■ **Source records**
== Segment start ==
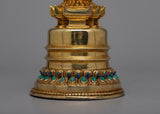 Presenting the Copper Kadampa Stupa, a revered representation of enlightenment and wisdom in spirituality. With a height of 20.5 cm and a luxurious 24k Gold Plating , this magnificent stupa is handcrafted on a Copper body and exudes divine grace and reverence.
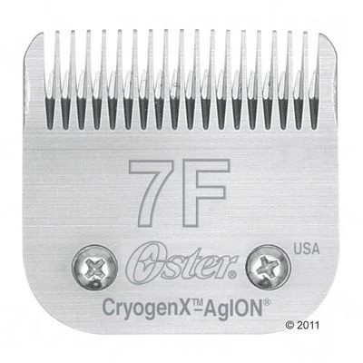 | Oster Nr. 7F | vooral geschikt voor lichaamscheren | 3,2 mm | recht, dradig, maar ook donzige, krullende vacht | z.B. draadhaar-terrier, spaniel, poedel, Bichon Frisé |
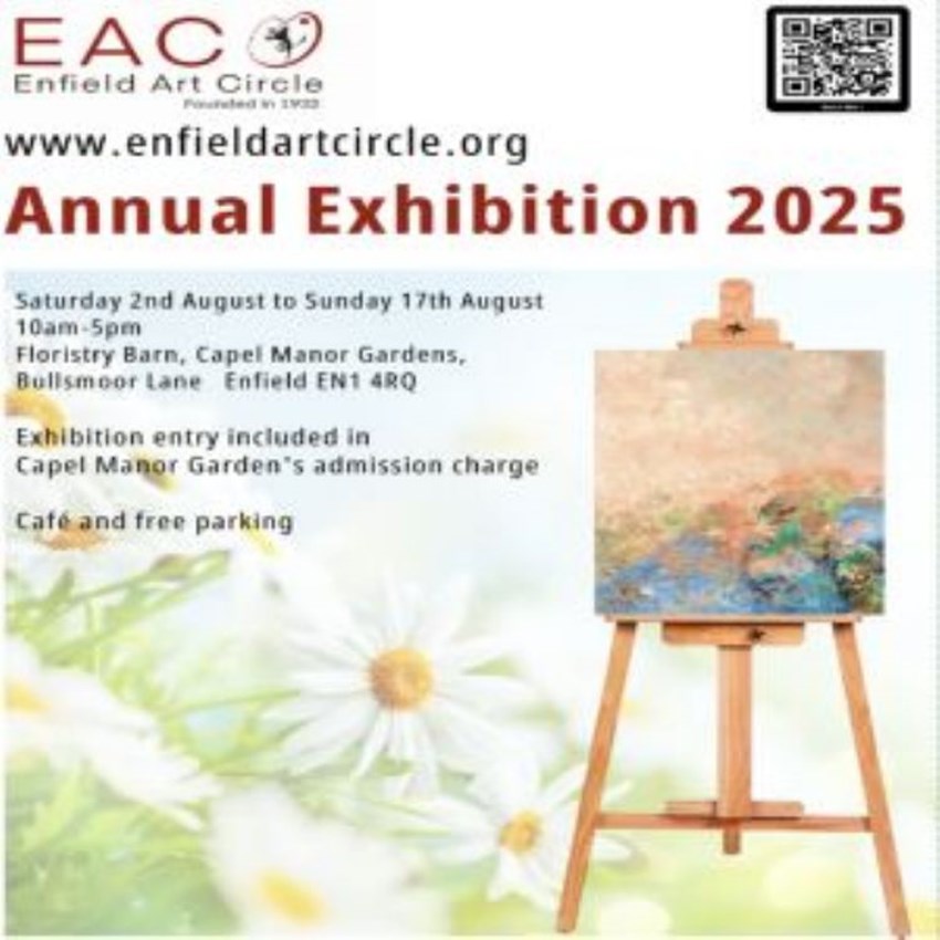 Enfield Art Circle's Annual Exhibition from 2nd to 17th August view over 30 artists artwork in the Floristry Barn
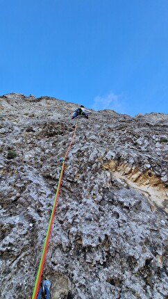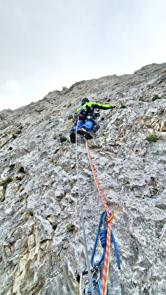 Ginevra Calandrella in belay on the fourth pitch of 'Imagine... all the people', Scoglio...
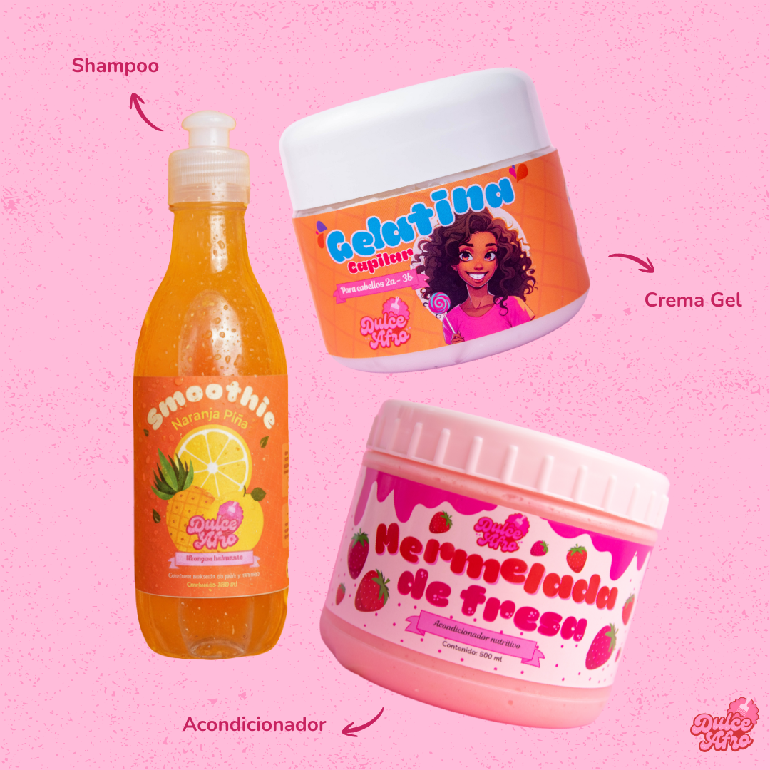Lava tu cabello con el shampoo Smoothie Naranja Piña🍊🍍 y finaliza con el acondicionador nutritvo Mermelada de Fresa🍓.
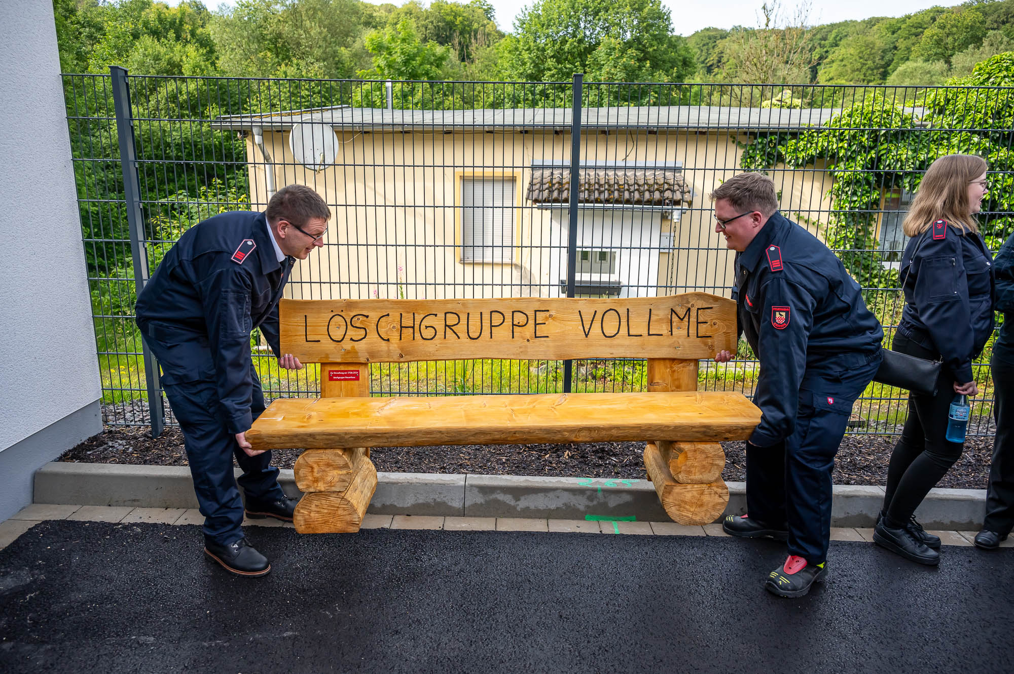 Nun durfte die Löschgruppe Vollme erstmal durchatmen: Nach der Schlüsselübergabe bekam auch eine massive Holzbank ihren neuen Stellplatz zugewiesen, Vertreter aller Fraktionen überreichten ein gemeinsames “Flachgeschenk”, um die Arbeit der Feuerwehr zu unterstützen. Bei Kaltgetränken und einem Imbiss wurde gefeiert, der Spielmannszug sorgte für die musikalische Begleitung. Währenddessen war Karsten Gembruch damit beschäftigt, den interessierten Gästen nicht nur die Halle für zwei große Feuerwehrzeuge zu zeigen, sondern auch die hochmodernen Sozial- und Schulungsräume. Diese waren neben den Sanitär- und Umkleidebereichen eine wesentliche Achillesferse des alten Gebäudes. Damit ist nun Schluss!
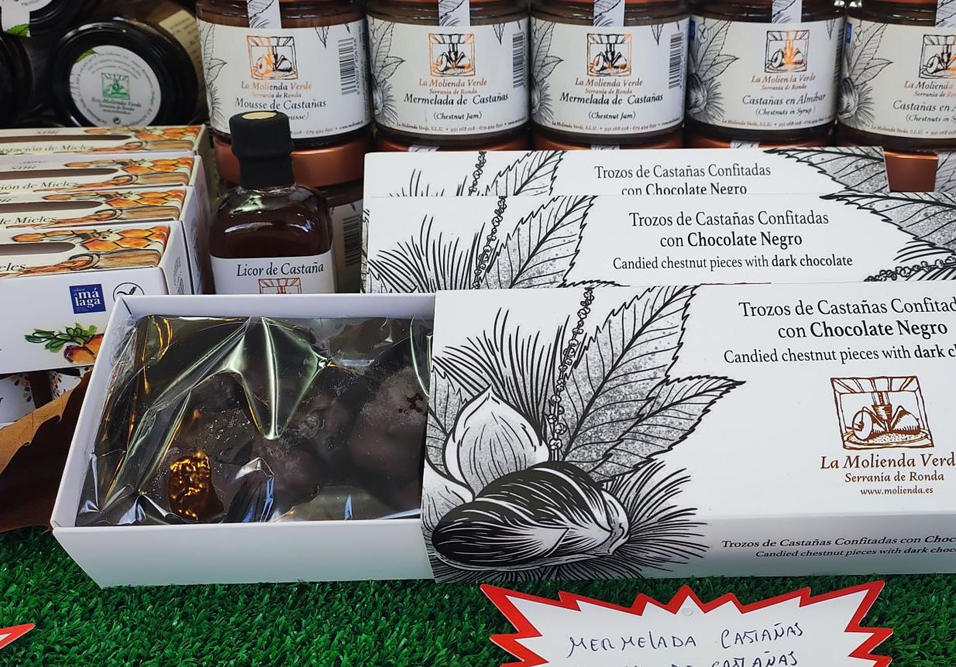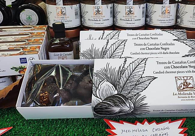Más chocolate. Esta vez cubriendo a suculentos trozos de castañas del Valle del Genal previamente glaseadas como si fueran un 'marron glaçé'. Se presenta en un cuidado envase. Idóneo para regalar o para darse un capricho.
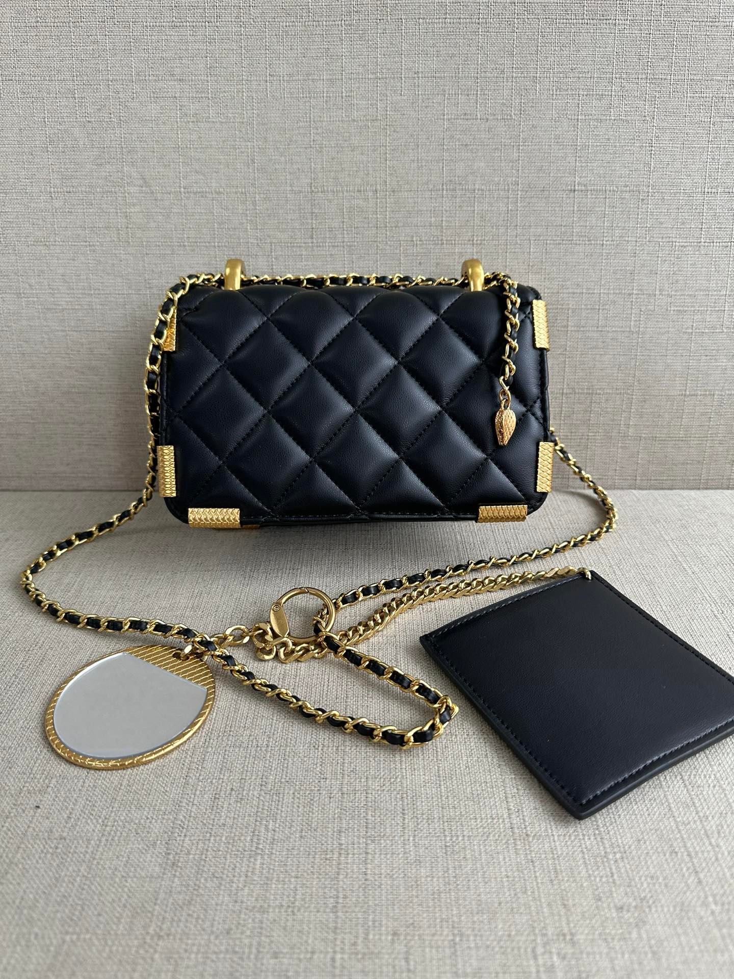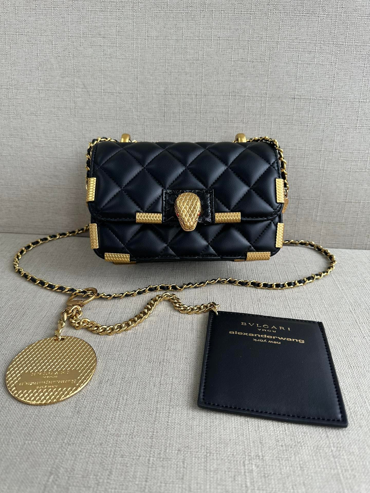 🐭alexanderwang Alexander. A collaboration between King and Bulgari! 100% authentic! ⚠️100% fully imported animal skins! The leather is soft and comfortable! The newest model, shoulder bag, crossbody bag! Iconic snake head logo! Chain ⛓️ can be single or double! Can be single shoulder can be crossbody! Also comes with a beautiful brass mirror 🪞 pendant! Stitch by stitch craftsmanship lets you differentiate between F goods from small workshops! Quality details are perfect! Size: L19*H13*W7
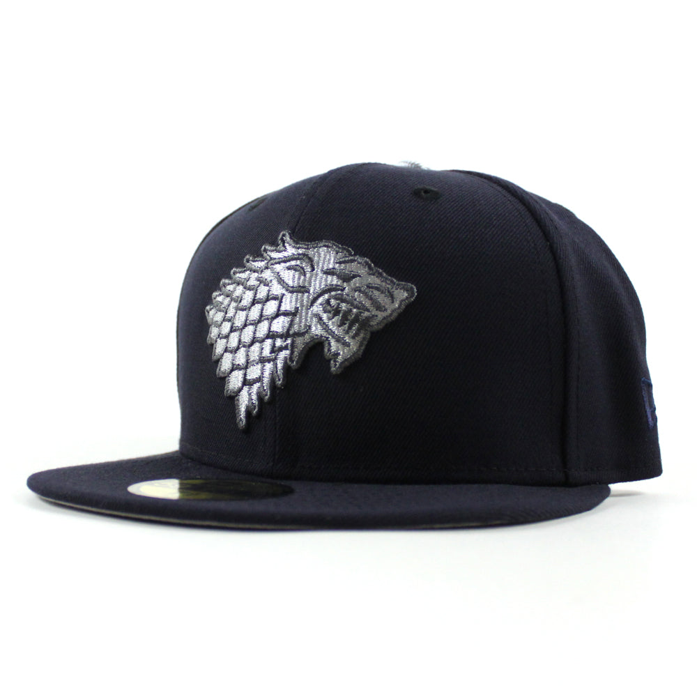 Game of Thrones House Stark of Winterfell Direwolf New Era 59Fifty Fitted Hat (Navy Gray Under Brim)
== Segment end ==
■ **TASK BRIEF**
Write out the entries above word for word. Do not include the pictures.

■ **RESULT OF THIS EXERCISE**
 Presenting the Copper Kadampa Stupa, a revered representation of enlightenment and wisdom in spirituality. With a height of 20.5 cm and a luxurious 24k Gold Plating , this magnificent stupa is handcrafted on a Copper body and exudes divine grace and reverence.
 | Oster Nr. 7F | vooral geschikt voor lichaamscheren | 3,2 mm | recht, dradig, maar ook donzige, krullende vacht | z.B. draadhaar-terrier, spaniel, poedel, Bichon Frisé |
 Enfield Art Circle's Annual Exhibition from 2nd to 17th August view over 30 artists artwork in the Floristry Barn
 Ginevra Calandrella in belay on the fourth pitch of 'Imagine... all the people', Scoglio...
Lava tu cabello con el shampoo Smoothie Naranja Piña🍊🍍 y finaliza con el acondicionador nutritvo Mermelada de Fresa🍓.
 Nun durfte die Löschgruppe Vollme erstmal durchatmen: Nach der Schlüsselübergabe bekam auch eine massive Holzbank ihren neuen Stellplatz zugewiesen, Vertreter aller Fraktionen überreichten ein gemeinsames “Flachgeschenk”, um die Arbeit der Feuerwehr zu unterstützen. Bei Kaltgetränken und einem Imbiss wurde gefeiert, der Spielmannszug sorgte für die musikalische Begleitung. Währenddessen war Karsten Gembruch damit beschäftigt, den interessierten Gästen nicht nur die Halle für zwei große Feuerwehrzeuge zu zeigen, sondern auch die hochmodernen Sozial- und Schulungsräume. Diese waren neben den Sanitär- und Umkleidebereichen eine wesentliche Achillesferse des alten Gebäudes. Damit ist nun Schluss!
Más chocolate. Esta vez cubriendo a suculentos trozos de castañas del Valle del Genal previamente glaseadas como si fueran un 'marron glaçé'. Se presenta en un cuidado envase. Idóneo para regalar o para darse un capricho.
 🐭alexanderwang Alexander. A collaboration between King and Bulgari! 100% authentic! ⚠️100% fully imported animal skins! The leather is soft and comfortable! The newest model, shoulder bag, crossbody bag! Iconic snake head logo! Chain ⛓️ can be single or double! Can be single shoulder can be crossbody! Also comes with a beautiful brass mirror 🪞 pendant! Stitch by stitch craftsmanship lets you differentiate between F goods from small workshops! Quality details are perfect! Size: L19*H13*W7
 Game of Thrones House Stark of Winterfell Direwolf New Era 59Fifty Fitted Hat (Navy Gray Under Brim)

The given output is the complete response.